Alejandro-Casanova commented 2 months ago

hello,when i ran the code https://github.com/VainF/Torch-Pruning/blob/master/examples/yolov8/yolov8_pruning.py i met the error as follows: Traceback (most recent call last): File "d:/ultralytics-main/prune_v8.py", line 17, in <module> from ultralytics.engine.model import TASK_MAP ImportError: cannot import name 'TASK_MAP' from 'ultralytics.engine.model' (d:\ultralytics-main\ultralytics\engine\model.py) it seems caused by the version of the code of yolov8. but i have trained a model with the newest version of yolov8,I wonder how to solve it.

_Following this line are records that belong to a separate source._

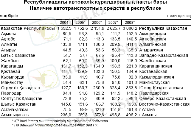 Автокөлік құралдарының республикалық паркі шамамен 1 745 мың жеңіл, шамамен 312 мың жүк АКҚ және 75 мың автобустардан құралады (ҚР ІІМ-нің 2008 жылғы 1 қаңтардағы жағдай бойынша деректері) .
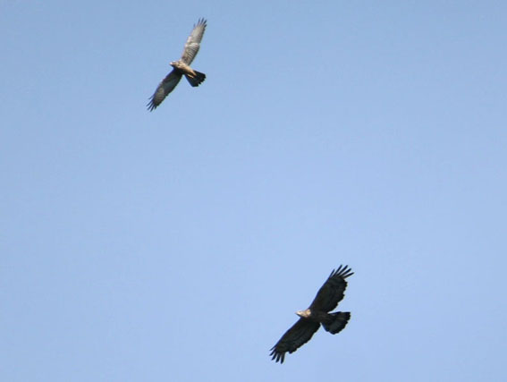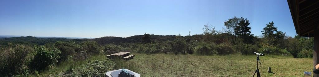 写真は、大鍋展望台、そこからの360度のパノラマ及び上空を舞うサシバ(上側)とハチクマ(下側)です。
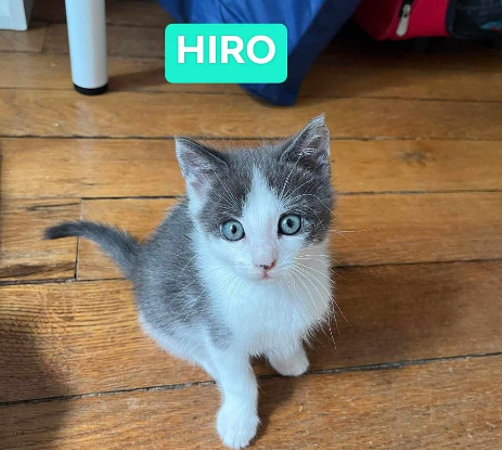 Hiro, dont le nom signifie "abondance" en japonais, est un chaton plein de vie et d'énergie. C'est un chaton gris et blanc très au poil doux comme sa mère. Il est très coquin et le plus charismatique de la troupe. Avec son tempérament joueur et espiègle, il apportera une dose de joie et d'amusement à votre foyer. Hiro est le genre de chaton curieux qui adore explorer chaque recoin de la maison, grimper aux meubles et chasser de petits jouets à plumes.
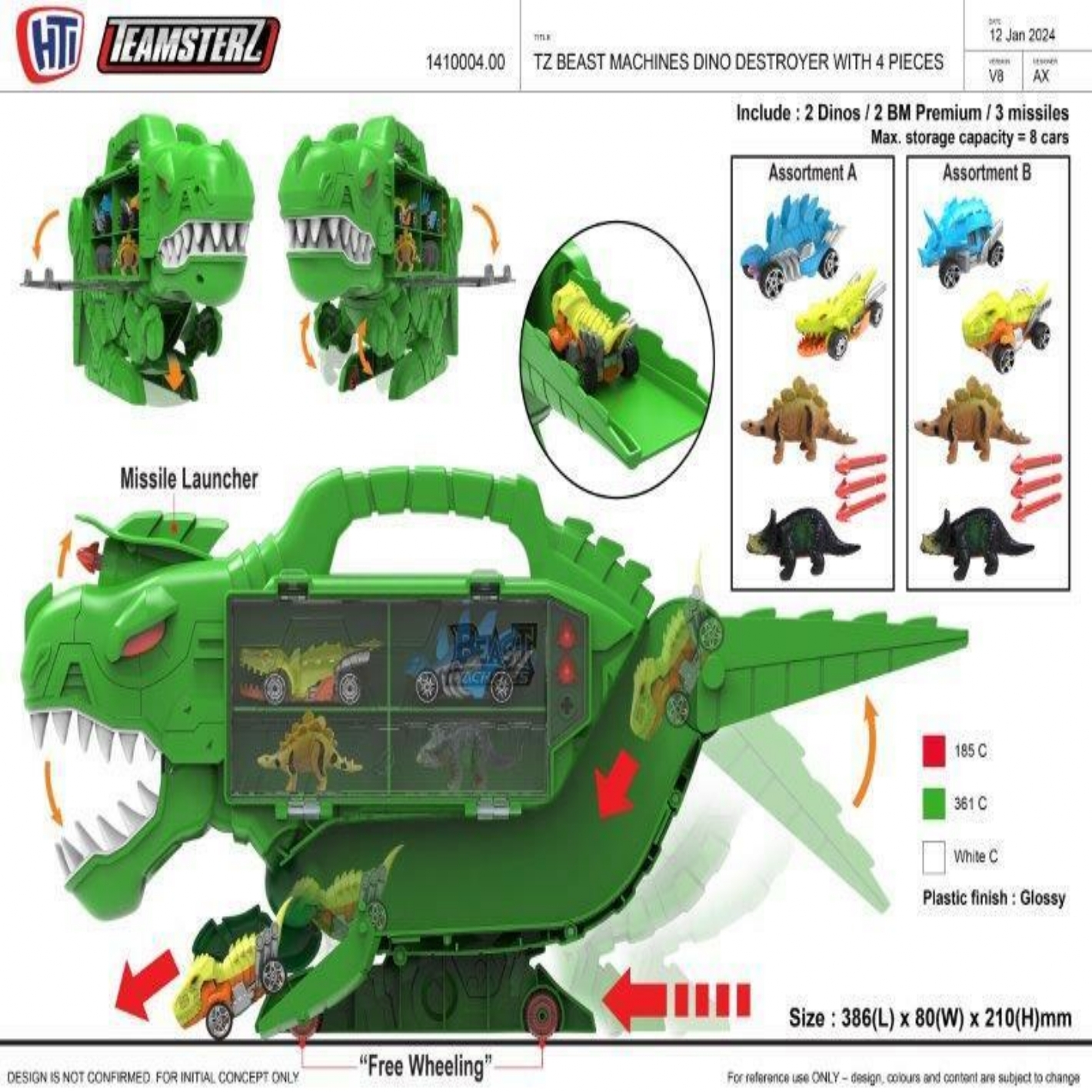 TZ Dino vert avec 4 voitures

The problem have been solved.And the same issue can be found in the issues. First,using this line to replace the line 250 in yolov8_pruning.py self.trainer = self.task_map[self.task]['trainer'](overrides=overrides, _callbacks=self.callbacks) next,fix the loss function in ultralytics/ultralytics/utils/loss.py like this: `def bbox_decode(self, anchor_points, pred_dist): """Decode predicted object bounding box coordinates from anchor points and distribution.""" if self.use_dfl: b, a, c = pred_dist.shape # batch, anchors, channels mydevice=torch.device('cuda:0') self.proj=self.proj.to(mydevice) pred_dist = pred_dist.view(b, a, 4, c // 4).softmax(3).matmul(self.proj.type(pred_dist.dtype))

        # pred_dist = pred_dist.view(b, a, c // 4, 4).transpose(2,3).softmax(3).matmul(self.proj.type(pred_dist.dtype))
        # pred_dist = (pred_dist.view(b, a, c // 4, 4).softmax(2) * self.proj.type(pred_dist.dtype).view(1, 1, -1, 1)).sum(2)
    return dist2bbox(pred_dist, anchor_points, xywh=False)`

Does anyone know why the loss function has to be modified? Maybe somewhere in the yolov8_pruning script the parameter "proj" is sent back to cpu accidentally?